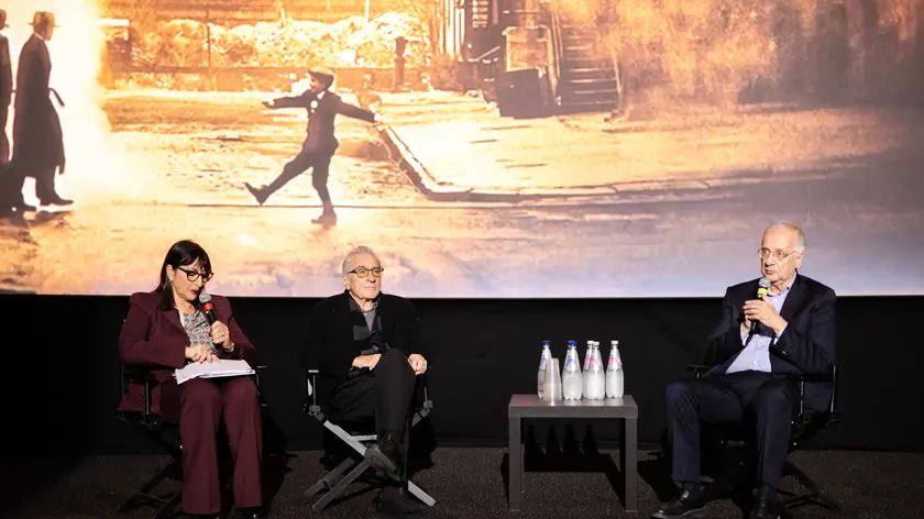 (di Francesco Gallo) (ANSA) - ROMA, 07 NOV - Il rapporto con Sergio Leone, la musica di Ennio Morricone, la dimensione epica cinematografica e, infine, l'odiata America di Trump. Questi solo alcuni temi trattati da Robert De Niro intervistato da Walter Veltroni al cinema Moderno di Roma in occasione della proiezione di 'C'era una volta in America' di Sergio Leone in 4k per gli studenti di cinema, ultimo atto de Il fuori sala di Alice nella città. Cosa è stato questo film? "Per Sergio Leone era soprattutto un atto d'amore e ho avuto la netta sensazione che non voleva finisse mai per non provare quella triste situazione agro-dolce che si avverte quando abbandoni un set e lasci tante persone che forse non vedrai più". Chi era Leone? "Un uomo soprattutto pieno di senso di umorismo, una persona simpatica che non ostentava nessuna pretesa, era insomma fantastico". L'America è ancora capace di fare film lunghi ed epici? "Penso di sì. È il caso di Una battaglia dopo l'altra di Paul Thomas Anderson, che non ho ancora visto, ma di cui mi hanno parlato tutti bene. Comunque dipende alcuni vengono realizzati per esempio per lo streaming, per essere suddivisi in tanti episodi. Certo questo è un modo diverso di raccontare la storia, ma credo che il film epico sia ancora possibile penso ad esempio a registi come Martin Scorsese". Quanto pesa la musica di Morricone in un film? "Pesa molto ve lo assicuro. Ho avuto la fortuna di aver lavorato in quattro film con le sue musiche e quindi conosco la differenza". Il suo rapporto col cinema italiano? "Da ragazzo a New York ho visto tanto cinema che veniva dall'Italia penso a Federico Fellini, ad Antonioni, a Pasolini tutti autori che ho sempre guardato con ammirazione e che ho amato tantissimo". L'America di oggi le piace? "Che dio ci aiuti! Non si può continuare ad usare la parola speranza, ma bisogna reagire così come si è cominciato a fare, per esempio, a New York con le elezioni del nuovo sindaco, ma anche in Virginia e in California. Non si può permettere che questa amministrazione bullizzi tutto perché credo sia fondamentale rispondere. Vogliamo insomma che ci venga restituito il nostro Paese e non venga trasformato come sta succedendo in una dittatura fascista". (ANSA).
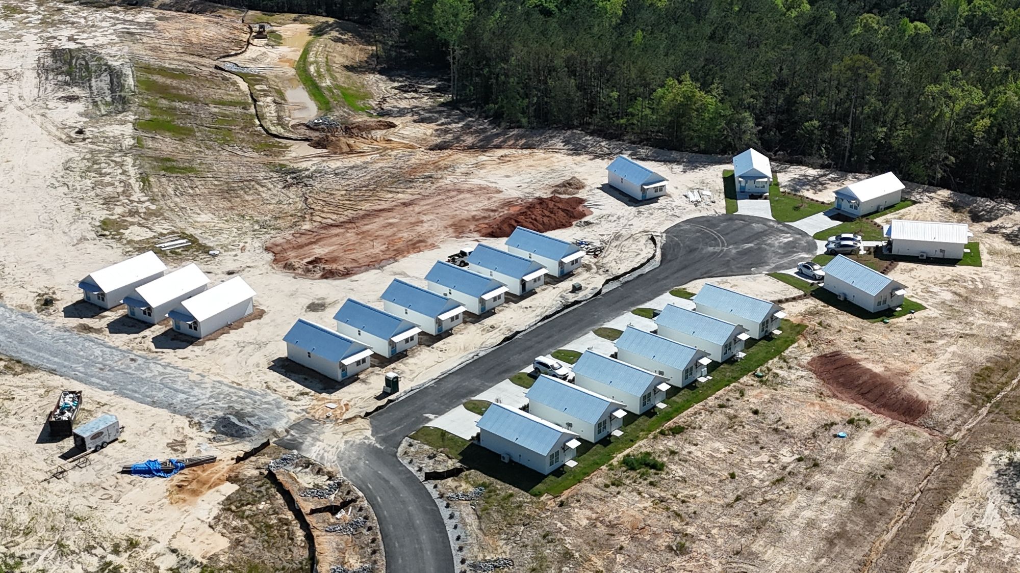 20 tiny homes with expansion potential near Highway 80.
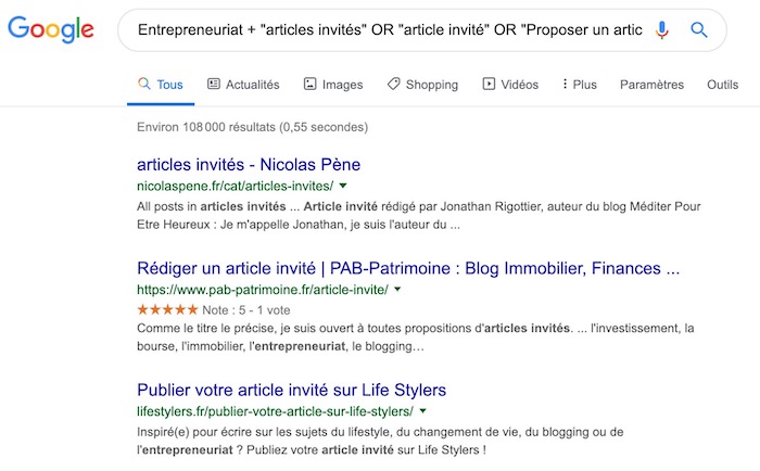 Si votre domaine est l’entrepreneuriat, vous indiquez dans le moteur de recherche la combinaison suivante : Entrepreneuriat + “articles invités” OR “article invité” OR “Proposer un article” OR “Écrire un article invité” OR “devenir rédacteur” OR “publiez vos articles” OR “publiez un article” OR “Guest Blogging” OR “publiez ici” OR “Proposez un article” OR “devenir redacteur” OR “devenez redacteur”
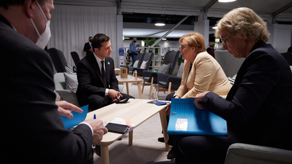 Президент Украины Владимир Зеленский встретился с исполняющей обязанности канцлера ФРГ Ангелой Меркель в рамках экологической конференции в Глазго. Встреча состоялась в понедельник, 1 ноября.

> **YOUR TASK**
Give back the material word for word, without images.

> **TASK RESULT**
 (di Francesco Gallo) (ANSA) - ROMA, 07 NOV - Il rapporto con Sergio Leone, la musica di Ennio Morricone, la dimensione epica cinematografica e, infine, l'odiata America di Trump. Questi solo alcuni temi trattati da Robert De Niro intervistato da Walter Veltroni al cinema Moderno di Roma in occasione della proiezione di 'C'era una volta in America' di Sergio Leone in 4k per gli studenti di cinema, ultimo atto de Il fuori sala di Alice nella città. Cosa è stato questo film? "Per Sergio Leone era soprattutto un atto d'amore e ho avuto la netta sensazione che non voleva finisse mai per non provare quella triste situazione agro-dolce che si avverte quando abbandoni un set e lasci tante persone che forse non vedrai più". Chi era Leone? "Un uomo soprattutto pieno di senso di umorismo, una persona simpatica che non ostentava nessuna pretesa, era insomma fantastico". L'America è ancora capace di fare film lunghi ed epici? "Penso di sì. È il caso di Una battaglia dopo l'altra di Paul Thomas Anderson, che non ho ancora visto, ma di cui mi hanno parlato tutti bene. Comunque dipende alcuni vengono realizzati per esempio per lo streaming, per essere suddivisi in tanti episodi. Certo questo è un modo diverso di raccontare la storia, ma credo che il film epico sia ancora possibile penso ad esempio a registi come Martin Scorsese". Quanto pesa la musica di Morricone in un film? "Pesa molto ve lo assicuro. Ho avuto la fortuna di aver lavorato in quattro film con le sue musiche e quindi conosco la differenza". Il suo rapporto col cinema italiano? "Da ragazzo a New York ho visto tanto cinema che veniva dall'Italia penso a Federico Fellini, ad Antonioni, a Pasolini tutti autori che ho sempre guardato con ammirazione e che ho amato tantissimo". L'America di oggi le piace? "Che dio ci aiuti! Non si può continuare ad usare la parola speranza, ma bisogna reagire così come si è cominciato a fare, per esempio, a New York con le elezioni del nuovo sindaco, ma anche in Virginia e in California. Non si può permettere che questa amministrazione bullizzi tutto perché credo sia fondamentale rispondere. Vogliamo insomma che ci venga restituito il nostro Paese e non venga trasformato come sta succedendo in una dittatura fascista". (ANSA).
 20 tiny homes with expansion potential near Highway 80.
 Si votre domaine est l’entrepreneuriat, vous indiquez dans le moteur de recherche la combinaison suivante : Entrepreneuriat + “articles invités” OR “article invité” OR “Proposer un article” OR “Écrire un article invité” OR “devenir rédacteur” OR “publiez vos articles” OR “publiez un article” OR “Guest Blogging” OR “publiez ici” OR “Proposez un article” OR “devenir redacteur” OR “devenez redacteur”
 Президент Украины Владимир Зеленский встретился с исполняющей обязанности канцлера ФРГ Ангелой Меркель в рамках экологической конференции в Глазго. Встреча состоялась в понедельник, 1 ноября.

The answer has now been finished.